== Source material

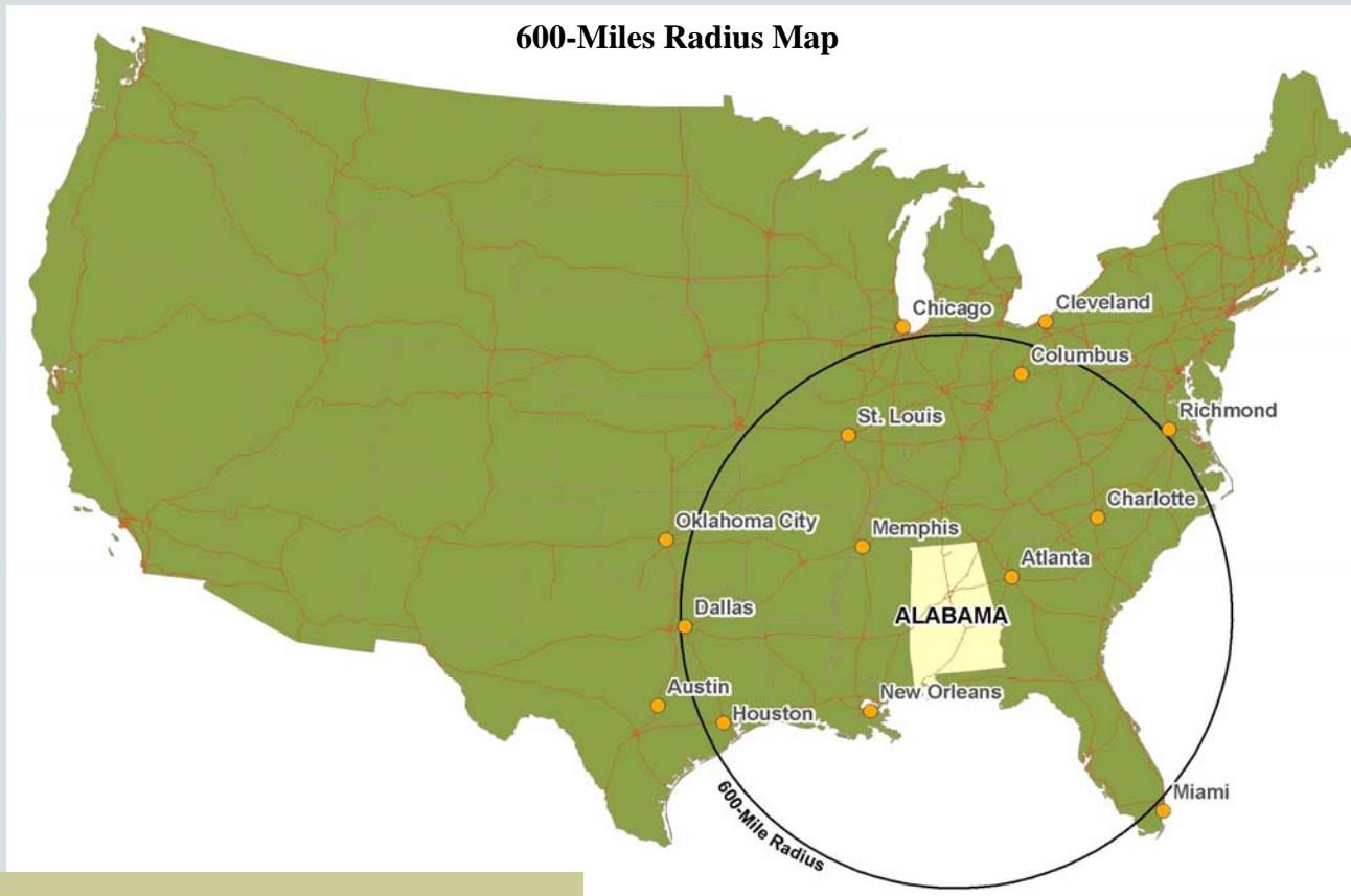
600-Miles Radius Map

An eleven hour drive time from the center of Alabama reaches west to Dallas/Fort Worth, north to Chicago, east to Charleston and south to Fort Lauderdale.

====
== Source material

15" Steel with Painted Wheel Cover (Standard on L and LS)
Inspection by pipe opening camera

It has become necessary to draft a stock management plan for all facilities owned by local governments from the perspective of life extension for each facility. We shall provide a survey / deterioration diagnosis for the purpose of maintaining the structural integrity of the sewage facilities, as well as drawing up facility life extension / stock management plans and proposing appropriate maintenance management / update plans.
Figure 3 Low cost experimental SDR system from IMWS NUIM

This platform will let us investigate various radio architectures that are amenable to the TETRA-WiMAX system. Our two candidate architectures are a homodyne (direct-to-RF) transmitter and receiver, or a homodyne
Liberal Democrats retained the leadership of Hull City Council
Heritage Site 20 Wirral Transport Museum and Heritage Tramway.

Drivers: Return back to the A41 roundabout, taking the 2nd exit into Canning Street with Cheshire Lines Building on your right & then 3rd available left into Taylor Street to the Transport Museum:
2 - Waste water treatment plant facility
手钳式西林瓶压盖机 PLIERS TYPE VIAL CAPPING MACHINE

====

Would you please write out, exactly and with no other lines, the stretch of the listing above from the line containing "on L and LS)" through the line containing "Liberal Democrats retained"?

__Finished exercise__:
15" Steel with Painted Wheel Cover (Standard on L and LS)
Inspection by pipe opening camera

It has become necessary to draft a stock management plan for all facilities owned by local governments from the perspective of life extension for each facility. We shall provide a survey / deterioration diagnosis for the purpose of maintaining the structural integrity of the sewage facilities, as well as drawing up facility life extension / stock management plans and proposing appropriate maintenance management / update plans.
Figure 3 Low cost experimental SDR system from IMWS NUIM

This platform will let us investigate various radio architectures that are amenable to the TETRA-WiMAX system. Our two candidate architectures are a homodyne (direct-to-RF) transmitter and receiver, or a homodyne
Liberal Democrats retained the leadership of Hull City Council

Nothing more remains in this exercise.